Arrigo had remained in the doorway, surprised at Dante’s excitement. ‘Don’t apologise. Fortune decreed that I should be given the chance to assemble this little collection of the words of the ancients; feel free to use it like a public drinking fountain.’
Dante bowed his head in a sign of silent gratitude, before returning to explore that sea of knowledge. ‘Some people would kill to own all this,’ he murmured, picking up an illuminated manuscript.
‘People always kill so that they may live. And for the wise man, words are the very essence of life.’
‘Your arguments seem to allow for a great deal of passion, Messer Arrigo.’
‘What if someone were to kill not because he was gripped by the passion of the senses, or by the evil of the soul, or by dulling of the brain, but because in some way he was sure of achieving a greater good, of clearing some obstacle from the path of virtue?’
‘No one is permitted to dispose of the life of one of his fellow men, except to defend life and goods against an act of aggression. Virtue is a collective good, and as such it must be defended. Only the people, through their magistrates, have the right to punish those who attack them.’
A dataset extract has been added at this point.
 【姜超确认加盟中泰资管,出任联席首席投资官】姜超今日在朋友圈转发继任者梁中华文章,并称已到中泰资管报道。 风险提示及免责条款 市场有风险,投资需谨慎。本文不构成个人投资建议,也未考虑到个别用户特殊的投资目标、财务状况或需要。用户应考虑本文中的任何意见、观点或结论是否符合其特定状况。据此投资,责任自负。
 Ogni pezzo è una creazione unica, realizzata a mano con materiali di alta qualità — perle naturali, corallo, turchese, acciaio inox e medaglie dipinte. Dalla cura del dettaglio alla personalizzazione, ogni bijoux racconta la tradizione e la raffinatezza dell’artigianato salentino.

‘Not even if the first cause of that crime was love? You have paid a great deal of attention to that particular sickness in your writings. And great crimes have been committed for love.’
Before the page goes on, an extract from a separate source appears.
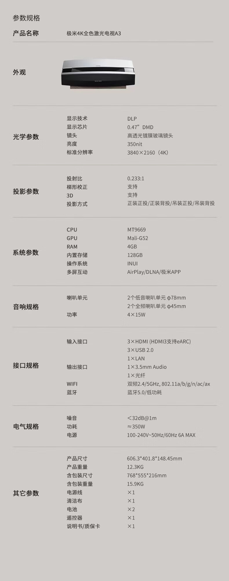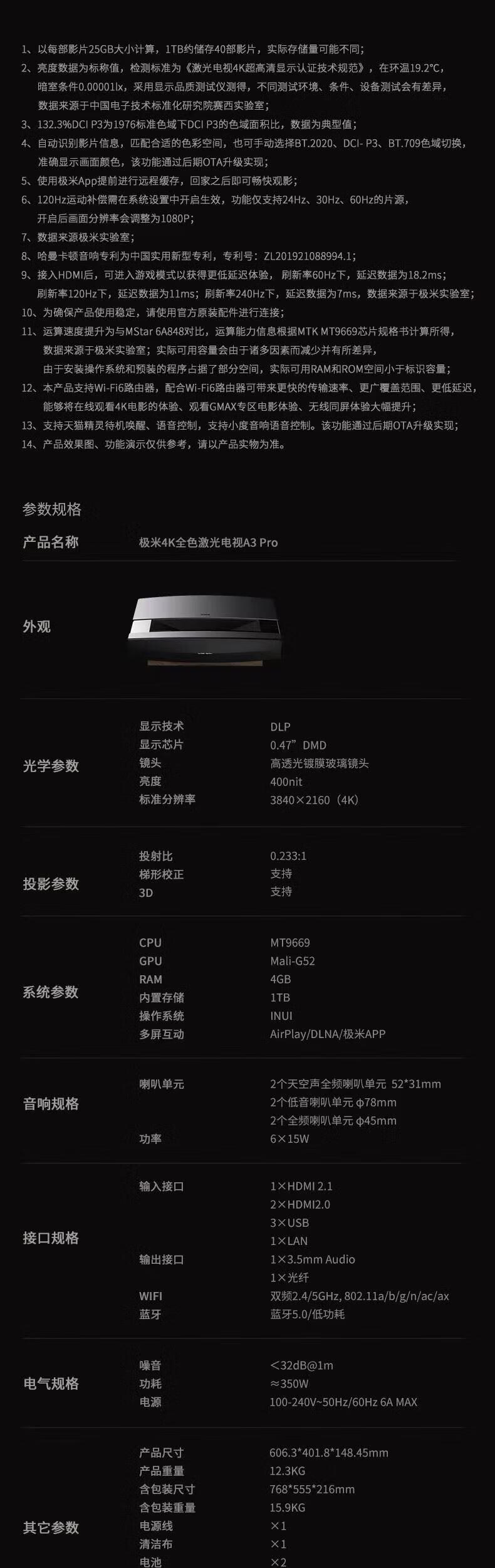 极米A3/A3 Pro激光投影电视4K超高清100寸120寸全色家庭激光影院客厅 极米A3 pro+进口高增益120寸硬屏

‘Crime cannot be included within the natural order of things,’ Dante firmly declared.
Arrigo went to a cabinet in the corner, opened the door and took out a bottle filled with amber liquid. Dante had been watching him distractedly, but his attention was suddenly drawn by an object placed on one of the shelves, which flashed brightly in a ray of light from the window.
The philosopher had noticed his reaction. An expression of satisfaction appeared on his face. ‘I knew that would interest you,’ he said, leaning towards the cabinet again, and beckoning the poet to do the same.
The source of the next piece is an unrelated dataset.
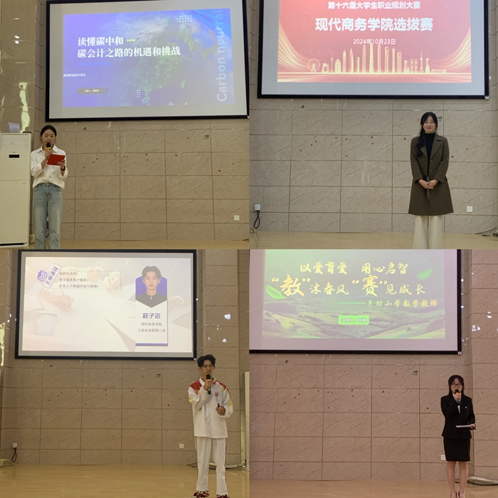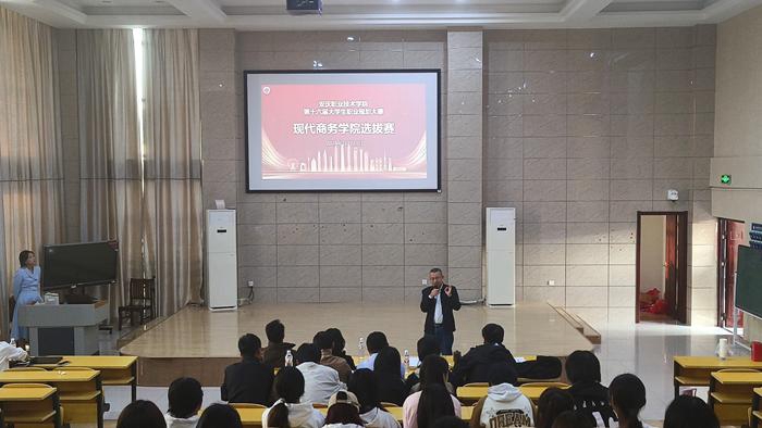 10月23日下午,现代商务学院在3号教学楼316阶梯教室成功举办学校第十六届大学生职业规划大赛学院选拔赛,经过评委老师前期对所有报名参赛的选手提交的参赛材料的评审,最终有八名选手入围现场展示,各班辅导员老师、报名参赛的选手和来自各班的学生代表近两百人现场观摩了比赛。本次大赛旨在引导广大学生树立正确的职业观、明确就业目标、科学规划未来、提升职业素养和竞争力。

What lay on the shelf was a strange brass lamp, more than two feet tall and octago
nal in shape. A little window opened in one side of it, protected by a thick piece of crystal.
The philosopher touched a finger to the metal surface, as if to run it along its pattern. ‘The final work of my teacher, Elias of Cortona,’ he said affectionately.
‘A lantern?’
Arrigo nodded. ‘But one of an extraordinary kind. Brother Elias said its light could cross the sea, even as far as the infidels of Palestine.’
On one side of the strange object there was a little door, held in position by a handle. Dante opened it and peered in. There was nothing inside but a small stove, screened at the back by a parabola, which must have served to concentrate the light towards the little window. He turned towards Arrigo with a disappointed expression.
‘It doesn’t seem much different from any other lantern,’ he remarked. ‘Apart perhaps from its size. But I’ve seen bigger ones on galley-ships.’
‘The wonder of it lies not in its appearance, but in the source of its light. This.’
He rummaged in the cabinet again and took out a sealed ampoule. Through the glass a whitish, sandy substance could be seen. Holding it carefully, Arrigo brought it in front of the poet’s face so that he could see it better.
‘In his last years Elias had immersed himself in the study of alchemy: this powder is his greatest discovery. But he wouldn’t tell me its composition, stressing only that it was extremely dangerous.’
‘And how does it work?’
‘You put the ampoule on the stove and heat it up. It takes only a few moments for it to ignite and give off an astonishing light, white and steady, like the illumination of the sun.’
Dante instinctively held out his hand to take the vial, but Arrigo immediately drew back his hand.
‘Be careful. Even the warmth of a hand is enough to bring this compound to life.’
‘But if it is as you say, why did Elias not reveal his secret to the Emperor? Such a device could have been used to great effect by his armies, to fight in the dark!’